BEGIN Given data
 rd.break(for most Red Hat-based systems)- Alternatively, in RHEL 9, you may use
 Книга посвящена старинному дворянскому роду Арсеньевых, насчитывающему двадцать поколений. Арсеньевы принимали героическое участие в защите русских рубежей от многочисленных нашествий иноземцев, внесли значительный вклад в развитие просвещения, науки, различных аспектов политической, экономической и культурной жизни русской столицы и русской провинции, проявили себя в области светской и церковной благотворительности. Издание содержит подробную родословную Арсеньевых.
END Given data
BEGIN Given data
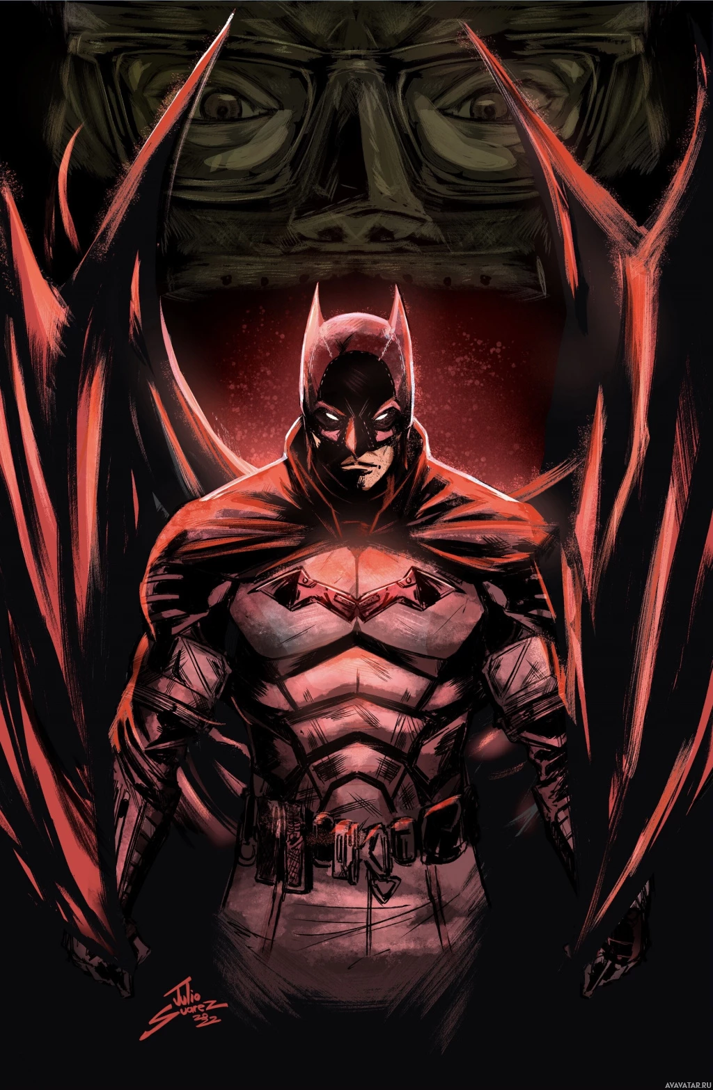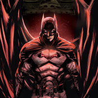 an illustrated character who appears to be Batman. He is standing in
END Given data
## Exercise goal
Retype exactly the lines of the data above that fall between the line with "rd.break(for most Red" and the line with "Книга посвящена старинному", inclusive, and add nothing.

## Answer to the problem
 rd.break(for most Red Hat-based systems)- Alternatively, in RHEL 9, you may use
 Книга посвящена старинному дворянскому роду Арсеньевых, насчитывающему двадцать поколений. Арсеньевы принимали героическое участие в защите русских рубежей от многочисленных нашествий иноземцев, внесли значительный вклад в развитие просвещения, науки, различных аспектов политической, экономической и культурной жизни русской столицы и русской провинции, проявили себя в области светской и церковной благотворительности. Издание содержит подробную родословную Арсеньевых.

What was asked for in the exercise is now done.